Getting from tested to battle-tested

Testing is an essential part of building reliable software. It’s a form of documentation, a reminder of mistakes of the past, and a boost of confidence when you want to refactor. But mostly, testing is a way of showing that your code is correct and resilient. Because it’s so important, we’ve invested a lot of effort at Jane Street to develop techniques that make tests clearer, more effective, and more pleasant to write.

But testing is still hard. It takes time to write good tests, and in any non-trivial system, your tests are an approximation at best. In the real world, programs are messy. The conditions a program runs under are always changing – user behavior is unpredictable, the network blips, a hardware failure causes a host to reboot. It’s inherently chaotic. And that’s the hard thing about developing high-availability systems: for all the careful tests that you think to write, there are some things you can only learn by experiencing that chaos. That’s what it takes to go from merely being tested to being battle-tested.

We spend a considerable amount of time thinking about this problem in our development of an internal distributed system called Aria. Aria is a low-latency shared message bus with strong ordering and reliability guarantees – you might recognize it from an episode of Signals and Threads where I talked about how it acts as a platform for other teams to build their own resilient systems with strict uptime requirements.

More and more teams have been adopting Aria at Jane Street, which is great! But it also means that each week that goes by without an incident becomes less of a tiny victory and more of an obligation to keep the system running smoothly. Not to mention, the system has to continue to grow in scale and complexity to meet the needs of the teams that use it. How do we mitigate the risks that naturally come with change so that we can keep evolving the system? Testing goes a long way here, but it’s all too easy for your tests to miss the critical scenario that will expose your mistake.

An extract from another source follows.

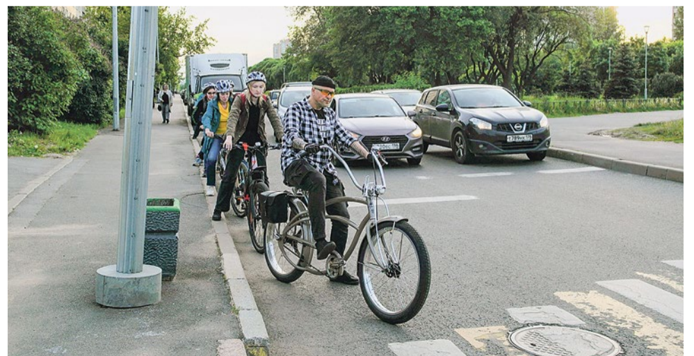
Знакомство с «большой дорогой»

Earlier this year we started using Antithesis, an end-to-end automated testing platform, to fill those gaps. We’ve become huge fans of the service (and are now leading their next funding round! More on that later), and part of the point of this post is to explain why.

But before we get to that, let’s lay some groundwork for how Aria approaches testing.

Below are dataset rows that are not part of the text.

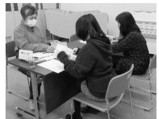
学習もがんばりました
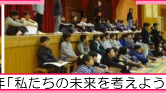
4年「私たちの未来を考えよう！」
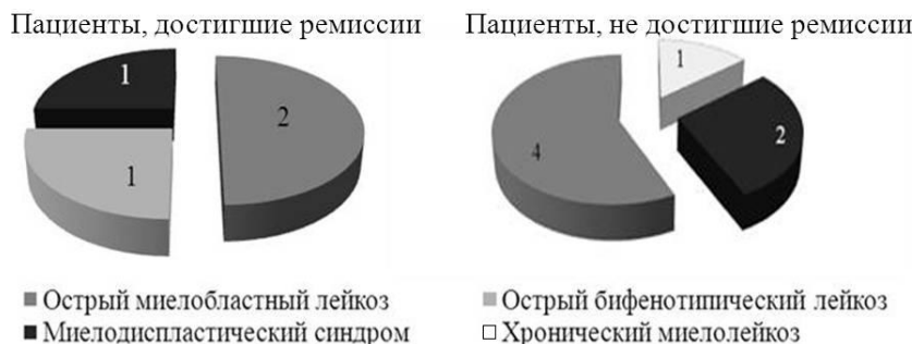
Рисунок 2 — Структура онкогематологических заболеваний у пациентов, в зависимости от достижения ими полной клинико-гематологической ремиссии

После окончания курсов высокодозной химиотерапии по программам FLAG и FLAG-Ida у 4 пациентов (36 %) достигнута полная клинико-гематологическая ремиссия. Онкогематологическая патология данной группы пациентов в сравнении с пациентами, не достигшими ремиссии, представлена на рисунке 2.

Testing everything you can think of

While none of this is exactly novel, we’ve built up a rather extensive toolbox of different testing techniques:

Unit tests of modules and data structures without side-effects, including many simple state machines.
Integration tests with a simulated networking layer which allows for testing very fine-grained interactions between services, including delaying and dropping packets and manipulating time.
Quickcheck tests that can produce random orderings of events which we can feed into a simulation.
Version skew tests to ensure that new client library changes work with existing servers and older client libraries will be compatible with newer servers.
Fuzz tests using AFL which will turn the fuzzer’s byte input stream into a sequence of state updates in an attempt to catch unsafe behavior in performance-optimized state machines.
Lab tests to check for performance regressions which run nightly in a dedicated lab environment that is set up similar to production.
Chaos testing where our staging environment runs a newer version of the code while we apply simulated production-like load and restart services randomly.

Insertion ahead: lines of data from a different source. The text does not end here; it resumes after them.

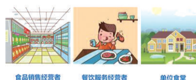
食品销售经营者 餐饮服务经营者 单位食堂

食品药品监管部门按照食品的风险程度对食品生产经营实施分类许可,食品经营主体业态分为食品销售经营者等10个类别。
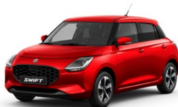
T Burning Red pearl metallic (ZWP)
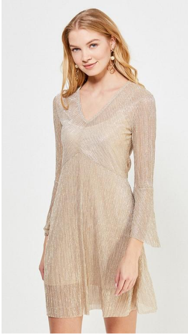
Да. Изделие в кадре полностью

Each one of these adds real value, but the simulated networking is maybe the most important piece. The ability to write tests which don’t require excess mocking and are also fast and deterministic means that you can express more edge cases with less effort, get more introspection on the state of components, and run the entire suite in every build without worrying about flakiness. It is an invaluable tool when writing new features, as well as a great way to write reproduction tests when verifying bug fixes.

Aria’s testing story requires a lot of effort and has evolved organically over time, but it also has been quite successful. Incidents in production are few and far between, even as we deploy new changes each week.

When we do encounter a bug that slipped through, there’s always a sense of “oh, that’s a really tricky case, it’s no wonder we didn’t think to test it”. Even our quickcheck and fuzz tests are limited to the confines of the artificial environments we construct for them, and the chaos testing barely scratches the surface of what’s possible.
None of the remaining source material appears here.